Which is why Cellophane Square couldn’t afford to be a purely-Seattle purely-indie any more.

Steve Furst, the president of Djangos, knows that folks like the cramped stores from where they scavenge: “People migrate, but they never forget their roots.” You will always be able to walk into a Cellophane Square and root through the stacks—but once you’ve done, there are now kiosks in each store that can root remotely through inventories at the other 19 Djangos-affiliated stores, checking first the Portland inventory, then the locations nearest your ZIP code and so forth, ending up with a search encompassing about 1 million titles. This system doesn’t discourage folks from walking into a single indie record shop; it diminishes the possibility that they’ll walk into a second.

Convenience also keeps Furst sanguine about another threat to indie shops: consumer-to-consumer sales at places such as eBay, half.com, GEMM, and Amazon’s zStores and auctions. eBay is in fact, says Furst, not a bad guy here—”eBay made [buying] used [music] respectable for all of us.”

I tried selling an item on half.com— a double-purchased disc, in fact. I’d already shuffled a copy to Cellophane a while ago, getting about $3 for the little darling. I listed it at half for about $5. Within six hours, some nice fellow in Pennsylvania bought it; within a few weeks, half.com will send me a check for 85 percent of that amount— but first I had to find an envelope and stamps, not to mention a parking place at the post office. The payout was nifty, but unloading a lot of CDs could turn out to be a complex undertaking.

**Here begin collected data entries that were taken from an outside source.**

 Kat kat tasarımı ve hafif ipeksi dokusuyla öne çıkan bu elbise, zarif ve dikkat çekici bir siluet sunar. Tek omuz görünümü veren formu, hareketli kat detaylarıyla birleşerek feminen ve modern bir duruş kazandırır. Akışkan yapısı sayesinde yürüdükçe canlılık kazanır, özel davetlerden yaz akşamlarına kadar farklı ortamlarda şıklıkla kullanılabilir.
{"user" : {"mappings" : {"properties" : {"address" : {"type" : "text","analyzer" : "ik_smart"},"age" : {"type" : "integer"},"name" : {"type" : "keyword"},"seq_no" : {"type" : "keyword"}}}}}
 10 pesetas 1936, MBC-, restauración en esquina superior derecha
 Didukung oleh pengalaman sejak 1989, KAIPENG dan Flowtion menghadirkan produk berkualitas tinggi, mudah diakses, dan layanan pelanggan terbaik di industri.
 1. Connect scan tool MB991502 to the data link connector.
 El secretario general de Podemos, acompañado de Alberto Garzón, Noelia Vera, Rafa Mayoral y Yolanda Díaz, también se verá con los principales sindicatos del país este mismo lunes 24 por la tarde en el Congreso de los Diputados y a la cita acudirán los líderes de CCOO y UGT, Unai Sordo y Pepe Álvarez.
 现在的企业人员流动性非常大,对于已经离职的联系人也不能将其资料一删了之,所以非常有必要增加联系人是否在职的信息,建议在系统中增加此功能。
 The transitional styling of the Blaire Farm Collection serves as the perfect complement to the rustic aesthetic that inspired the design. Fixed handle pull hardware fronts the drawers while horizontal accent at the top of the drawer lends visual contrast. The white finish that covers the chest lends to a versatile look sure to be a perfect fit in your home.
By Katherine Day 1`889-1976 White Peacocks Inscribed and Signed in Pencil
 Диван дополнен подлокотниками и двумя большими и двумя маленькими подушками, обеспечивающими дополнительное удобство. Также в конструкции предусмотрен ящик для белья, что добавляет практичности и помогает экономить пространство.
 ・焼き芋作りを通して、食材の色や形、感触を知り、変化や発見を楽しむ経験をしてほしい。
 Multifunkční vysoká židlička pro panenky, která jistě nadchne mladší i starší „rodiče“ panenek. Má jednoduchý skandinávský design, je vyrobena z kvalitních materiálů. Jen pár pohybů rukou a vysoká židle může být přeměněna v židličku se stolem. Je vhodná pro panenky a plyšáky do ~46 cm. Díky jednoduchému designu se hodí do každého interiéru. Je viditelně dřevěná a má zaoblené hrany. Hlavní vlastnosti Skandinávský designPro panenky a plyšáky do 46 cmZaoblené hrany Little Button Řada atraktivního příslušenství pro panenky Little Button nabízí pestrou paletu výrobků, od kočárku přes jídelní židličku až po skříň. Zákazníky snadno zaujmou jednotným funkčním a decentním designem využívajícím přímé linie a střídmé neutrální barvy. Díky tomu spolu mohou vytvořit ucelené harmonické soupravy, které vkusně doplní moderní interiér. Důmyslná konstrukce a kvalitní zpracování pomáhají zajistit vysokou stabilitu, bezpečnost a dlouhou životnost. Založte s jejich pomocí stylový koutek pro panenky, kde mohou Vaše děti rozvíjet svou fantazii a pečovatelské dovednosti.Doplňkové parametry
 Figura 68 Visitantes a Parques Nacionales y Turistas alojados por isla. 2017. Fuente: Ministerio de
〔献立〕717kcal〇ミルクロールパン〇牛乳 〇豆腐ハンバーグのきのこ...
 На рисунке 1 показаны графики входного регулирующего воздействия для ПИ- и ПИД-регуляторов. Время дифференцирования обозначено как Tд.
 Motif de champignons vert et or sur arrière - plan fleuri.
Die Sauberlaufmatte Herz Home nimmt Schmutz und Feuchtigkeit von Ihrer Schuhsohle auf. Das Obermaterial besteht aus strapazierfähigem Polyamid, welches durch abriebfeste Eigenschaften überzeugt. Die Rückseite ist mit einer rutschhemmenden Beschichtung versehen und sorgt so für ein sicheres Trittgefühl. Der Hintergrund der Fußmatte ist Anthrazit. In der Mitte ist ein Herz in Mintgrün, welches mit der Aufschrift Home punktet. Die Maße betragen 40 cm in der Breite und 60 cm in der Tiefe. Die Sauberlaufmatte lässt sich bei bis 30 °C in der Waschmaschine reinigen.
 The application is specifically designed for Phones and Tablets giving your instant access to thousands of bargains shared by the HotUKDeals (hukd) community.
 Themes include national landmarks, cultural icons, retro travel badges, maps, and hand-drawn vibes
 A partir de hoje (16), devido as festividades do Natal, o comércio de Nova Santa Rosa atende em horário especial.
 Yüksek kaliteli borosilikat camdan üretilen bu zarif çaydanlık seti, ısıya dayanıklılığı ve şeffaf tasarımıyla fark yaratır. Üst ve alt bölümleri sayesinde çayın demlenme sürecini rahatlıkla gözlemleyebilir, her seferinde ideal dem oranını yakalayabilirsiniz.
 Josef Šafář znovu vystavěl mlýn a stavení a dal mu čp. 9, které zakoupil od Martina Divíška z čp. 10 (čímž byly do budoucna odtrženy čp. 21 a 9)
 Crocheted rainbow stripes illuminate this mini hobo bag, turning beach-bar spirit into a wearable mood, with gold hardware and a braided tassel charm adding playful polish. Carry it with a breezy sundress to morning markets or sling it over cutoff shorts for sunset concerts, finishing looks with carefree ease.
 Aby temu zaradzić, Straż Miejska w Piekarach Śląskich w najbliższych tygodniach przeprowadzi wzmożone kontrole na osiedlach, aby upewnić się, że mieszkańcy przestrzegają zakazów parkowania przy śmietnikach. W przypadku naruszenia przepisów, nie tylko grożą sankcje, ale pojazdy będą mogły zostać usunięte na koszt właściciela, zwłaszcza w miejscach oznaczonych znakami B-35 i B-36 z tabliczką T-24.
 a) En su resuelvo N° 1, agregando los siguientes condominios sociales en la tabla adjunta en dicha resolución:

Which works in Djangos’ favor, says Furst, who notes nonetheless that Djangos has put a certain amount of Cellophane Square’s inventory on half.com, eBay, and so on. Working with those sites lets Cellophane Square move excess inventory and gives folks a glimpse of what a real record store with really knowledgeable clerks, as opposed to an ordinary jane with too many CDs, can offer. (And to their credit, Djangos has increased the payout on used CDs, dropping selling prices and paying a 33 percent bonus on stuff they buy if you’ll take payment in trade.)

And MP3s? Don’t (gulp) worry, says Furst. Djangos has already partnered with MP3.com to produce a streaming service, “if,” he rues, “they ever get out of the Universal [lawsuit].” He also describes a plan to make Djangos, in kiosk form, “a major movie and music store on campuses—Djangos everywhere. The Napsters and the MP3s of the world [exist], but students love to buy music, especially used music.” He suggests that something like leasing (buy the disc, enjoy the disc, sell the disc back to Djangos) may prove an attractive way to buy music down the road—like leasing a car, or renting a video without the fear of fines.

When I walk into Cellophane Square, the kiosks are out of order and the clerk behind the counter jots down my purchases on a clipboard. For a minute I’m torn between relief that Cellophane Square continues as its slightly discombobulated self and dismay that everything I’ve been led to think about the great Djangos merger/acquisition is all vaporware. I ask the clerk what the deal is. He’s happy to help and promises the machines will be ready very soon—”they’re really new.” And so is he, hired since the May acquisition.

Wait. They’re hiring? No jobs are being lost to this particular dot-com?

Good enough for me. I decree Djangos . . . unexpectedly virtuous.